— What the exercise asks —
Leaving the pictures aside, transcribe every line below exactly.

— Stored data —

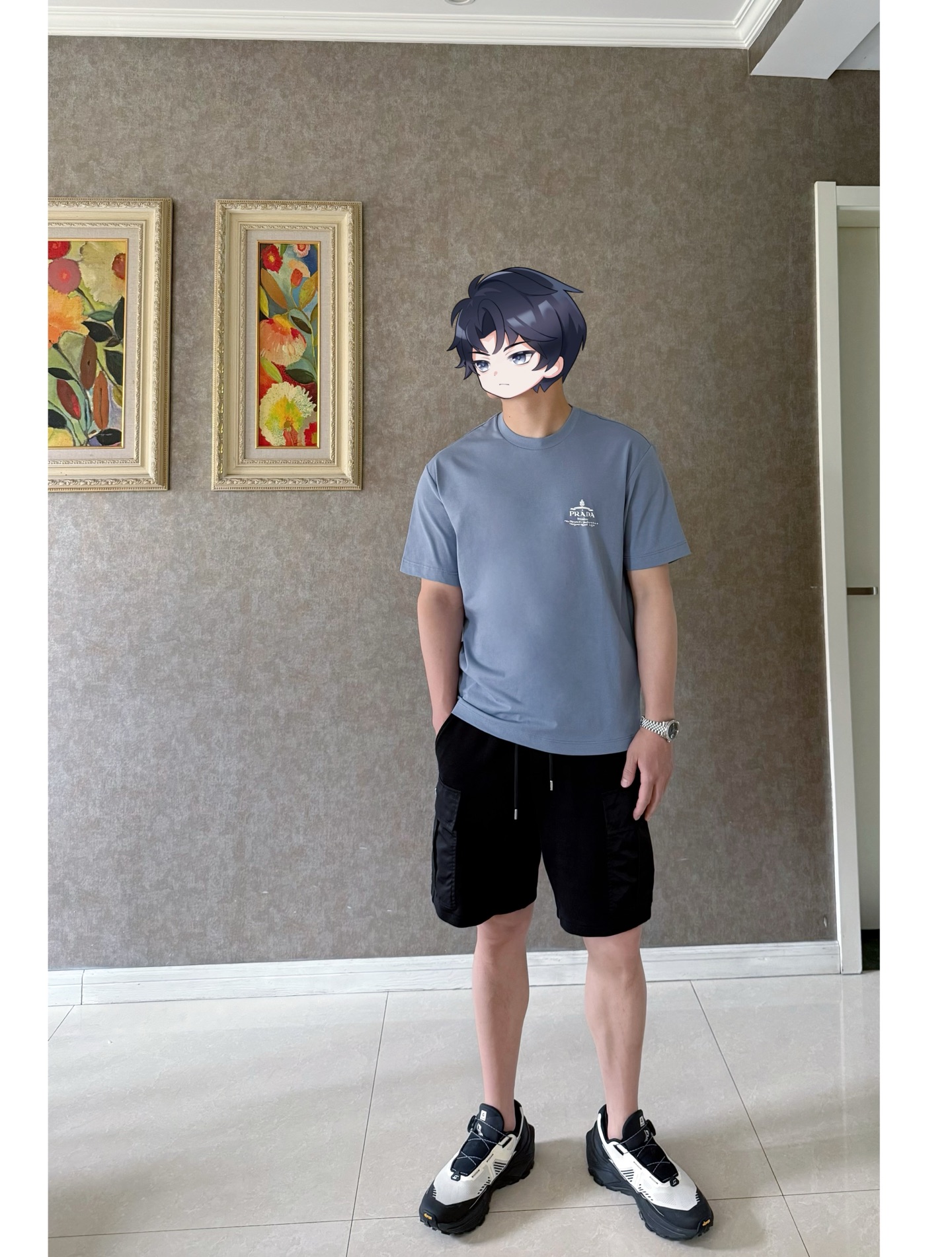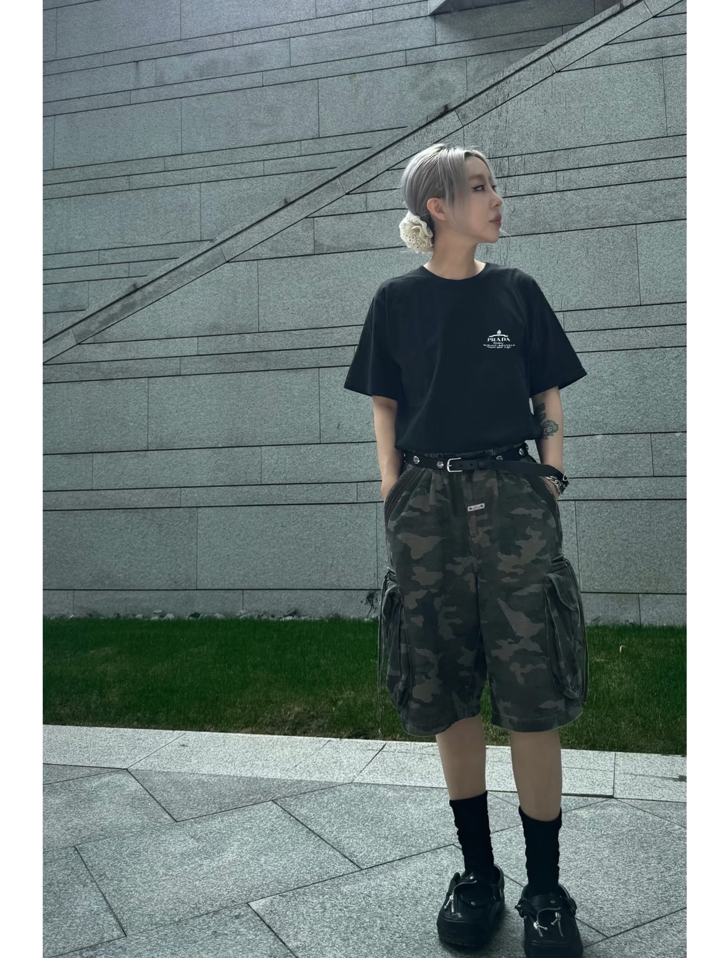 PLD新款徽章印花圆领短袖T 复古做旧印花标识
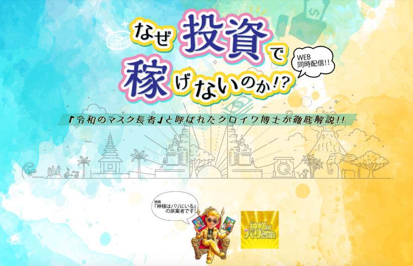 | 【講演】 | 「なぜ投資で稼げないのか!?令和のマスク長者と呼ばれた黒岩氏が徹底解説!」 |
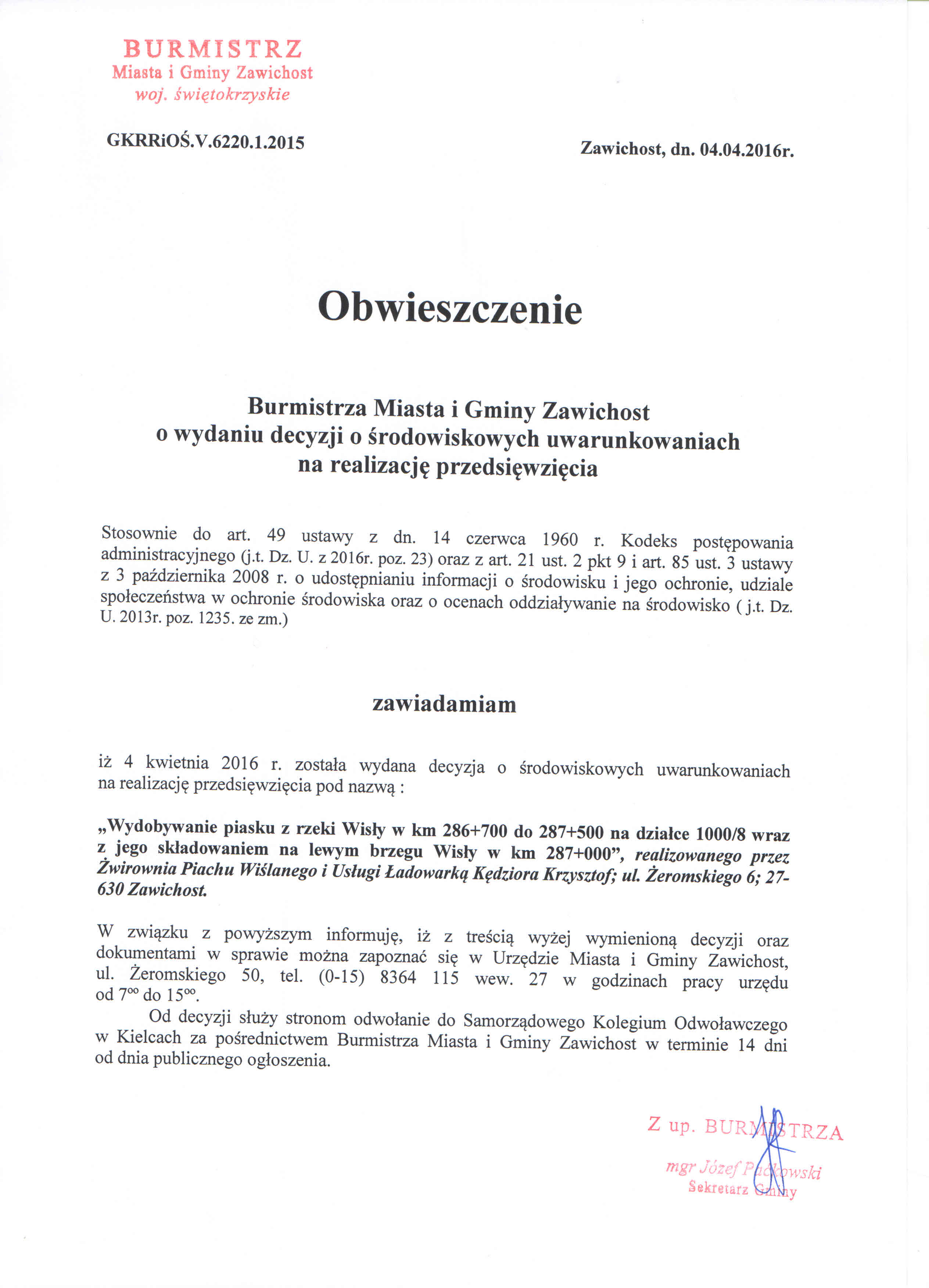 | OBWIESZCZENIE Burmistrza Miasta i Gminy Zawichost |

— Response to this exercise —
 PLD新款徽章印花圆领短袖T 复古做旧印花标识
 | 【講演】 | 「なぜ投資で稼げないのか!?令和のマスク長者と呼ばれた黒岩氏が徹底解説!」 |
 | OBWIESZCZENIE Burmistrza Miasta i Gminy Zawichost |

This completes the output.